Posted by Mike Walsh

2/6/05 8:52 AM

When word trickled out that the revived new economy bad boy Napster had wrapped up a $52 million equity raising - it seemed pretty clear they were raising a war chest to take the fight to Apple's iTunes.

And now they have finally played their hand with the announcement of a $15 a month subscription offer, which lets customers download an unlimited number of songs from a library of over a million tracks, and transfer these to compatible MP3 players. The songs are protected with Microsoft's Janus rights management software and are playable as long as the user has an active subscription. Burning them to CD costs a bit extra.

An interesting move, but should Apple be nervous? As the Napster ads themselves declare - do the math. If you analyse people's music habits, there is a component of their online music which is made up of ripped versions of their existing CD collections. Add to this a few hundred tracks from dubious sources (no doubt one of them being the previous version of Napster), and you probably have about 2000-3000 songs.

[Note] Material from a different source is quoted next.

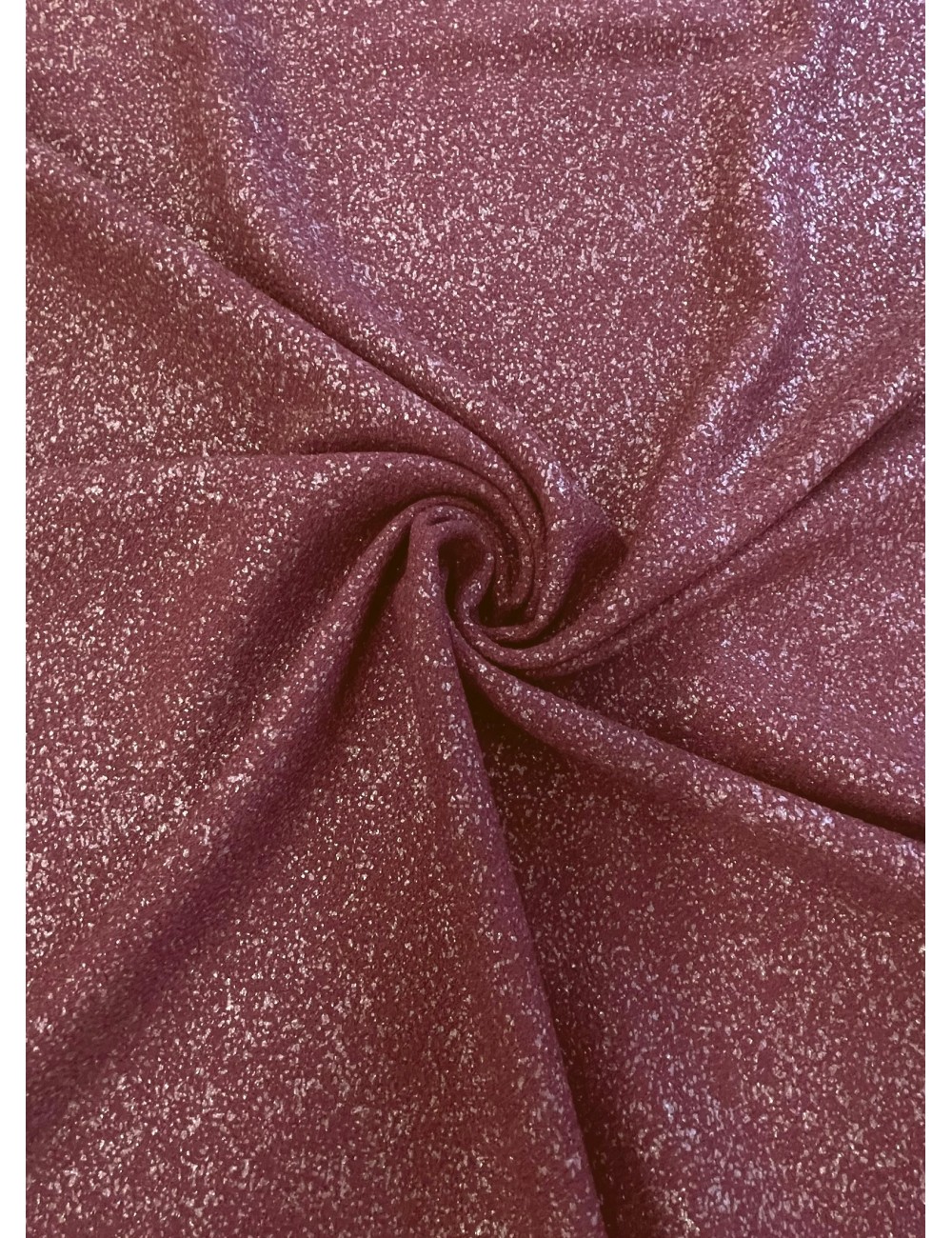 Krásná společenská látka , žoržetové vazby , větší gramáže v tmavě třešňovém odstínu s čirými glitry. Pružná vazbou, příjemná na dotyk, neprůsvitná a splývává.

Assuming that each month there are about 30-50 new songs that a customer would like to listen to - at face value the $15 a month Napster deals looks good as against 99c per song from Apple. But there's the rub. Thats $15 a month, each and every month. So unless you literally have an appetite for thousands of new songs every month, the monthly subscription offer works best for customers without an existing large collection of music, who effectively want their own form of interactive pay per view radio.

Music is not the only place the tension between digital ownership vs rental is playing. As consumers embrace digitally timeshifting broadcast content - pay by the month PVRs like TiVo also increasingly vie with 'free' services such as MythTV, which are based on recording to home computers.

It is an interesting debate, and will probably be resolved with most digital media distributors like Apple offering both kinds of pricing models to consumers.